:: How to complete this task ::
Retype every entry below without pictures.

:: Given information ::
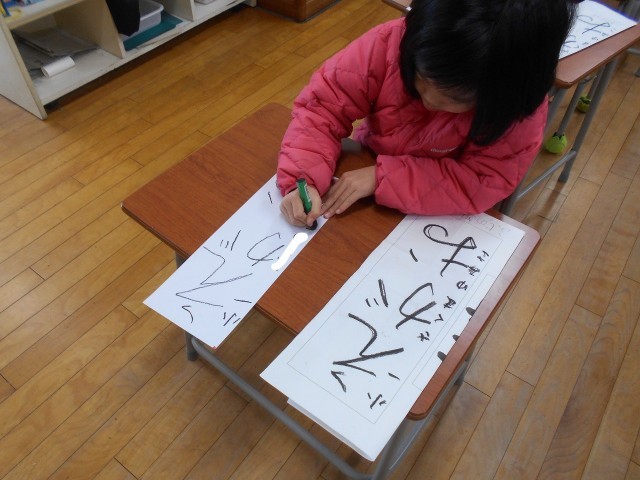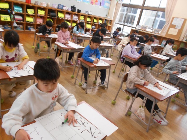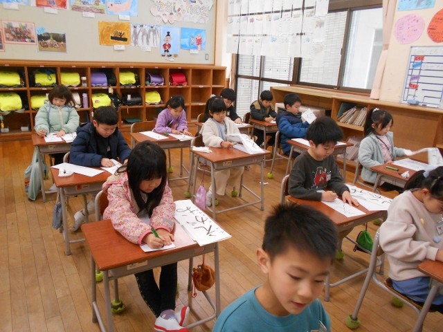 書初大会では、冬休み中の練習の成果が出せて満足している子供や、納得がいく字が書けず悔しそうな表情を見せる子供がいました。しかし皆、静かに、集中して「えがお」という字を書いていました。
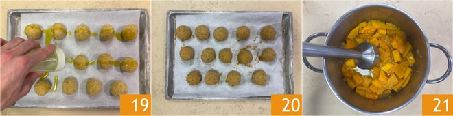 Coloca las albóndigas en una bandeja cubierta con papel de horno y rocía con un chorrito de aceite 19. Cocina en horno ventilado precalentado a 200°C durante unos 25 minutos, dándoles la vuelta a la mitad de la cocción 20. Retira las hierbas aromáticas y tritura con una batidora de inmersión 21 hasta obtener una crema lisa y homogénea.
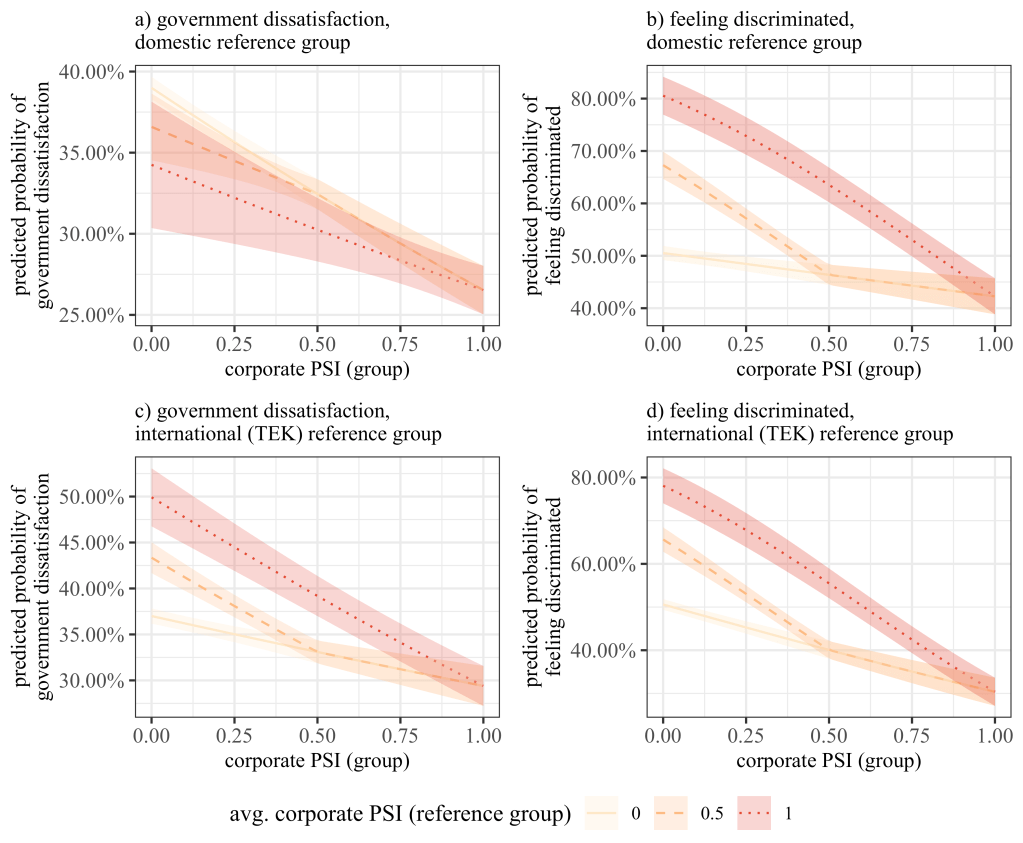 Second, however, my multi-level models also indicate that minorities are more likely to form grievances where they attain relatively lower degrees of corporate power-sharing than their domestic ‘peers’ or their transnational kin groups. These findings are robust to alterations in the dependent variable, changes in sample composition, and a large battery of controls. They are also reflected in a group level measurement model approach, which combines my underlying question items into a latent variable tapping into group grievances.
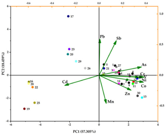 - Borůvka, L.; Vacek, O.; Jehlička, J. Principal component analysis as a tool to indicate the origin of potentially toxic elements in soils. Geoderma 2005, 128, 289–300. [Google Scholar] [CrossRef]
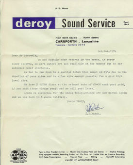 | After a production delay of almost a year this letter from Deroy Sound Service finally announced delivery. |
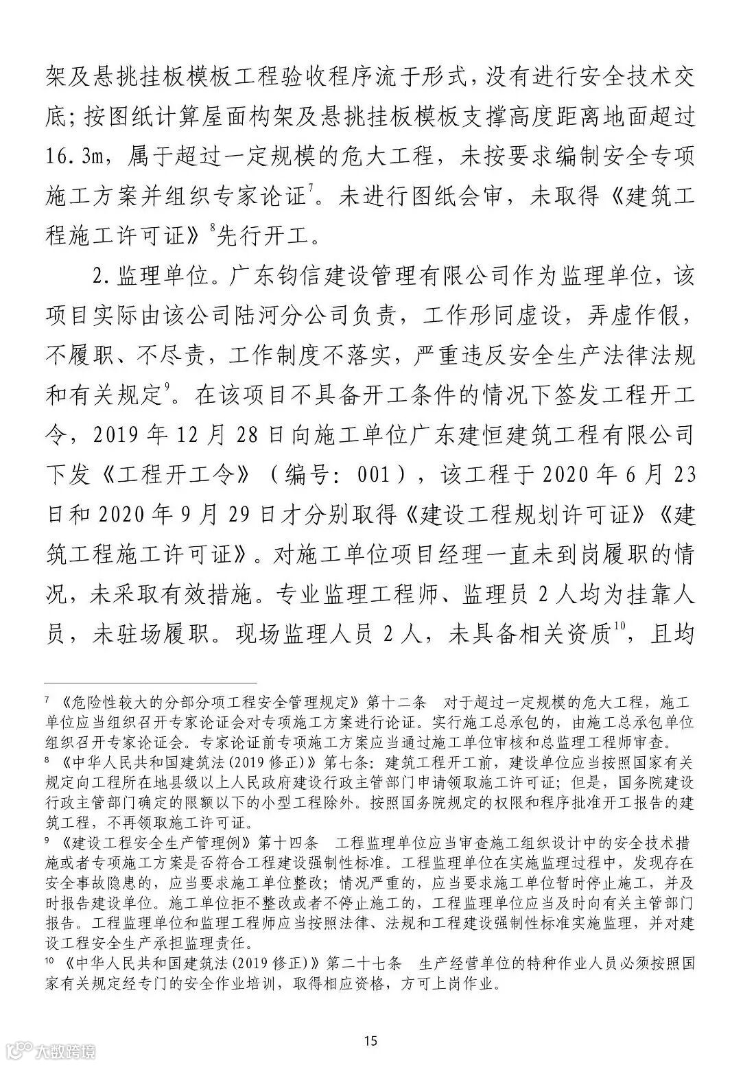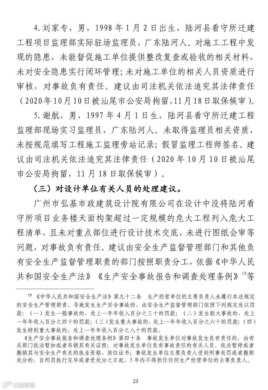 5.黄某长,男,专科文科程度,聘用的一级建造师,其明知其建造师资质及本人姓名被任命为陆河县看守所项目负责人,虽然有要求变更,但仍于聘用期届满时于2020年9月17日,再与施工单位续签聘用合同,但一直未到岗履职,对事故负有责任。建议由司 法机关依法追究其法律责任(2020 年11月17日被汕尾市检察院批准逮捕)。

:: Solution below ::
 書初大会では、冬休み中の練習の成果が出せて満足している子供や、納得がいく字が書けず悔しそうな表情を見せる子供がいました。しかし皆、静かに、集中して「えがお」という字を書いていました。
 Coloca las albóndigas en una bandeja cubierta con papel de horno y rocía con un chorrito de aceite 19. Cocina en horno ventilado precalentado a 200°C durante unos 25 minutos, dándoles la vuelta a la mitad de la cocción 20. Retira las hierbas aromáticas y tritura con una batidora de inmersión 21 hasta obtener una crema lisa y homogénea.
 Second, however, my multi-level models also indicate that minorities are more likely to form grievances where they attain relatively lower degrees of corporate power-sharing than their domestic ‘peers’ or their transnational kin groups. These findings are robust to alterations in the dependent variable, changes in sample composition, and a large battery of controls. They are also reflected in a group level measurement model approach, which combines my underlying question items into a latent variable tapping into group grievances.
 - Borůvka, L.; Vacek, O.; Jehlička, J. Principal component analysis as a tool to indicate the origin of potentially toxic elements in soils. Geoderma 2005, 128, 289–300. [Google Scholar] [CrossRef]
 | After a production delay of almost a year this letter from Deroy Sound Service finally announced delivery. |
 5.黄某长,男,专科文科程度,聘用的一级建造师,其明知其建造师资质及本人姓名被任命为陆河县看守所项目负责人,虽然有要求变更,但仍于聘用期届满时于2020年9月17日,再与施工单位续签聘用合同,但一直未到岗履职,对事故负有责任。建议由司 法机关依法追究其法律责任(2020 年11月17日被汕尾市检察院批准逮捕)。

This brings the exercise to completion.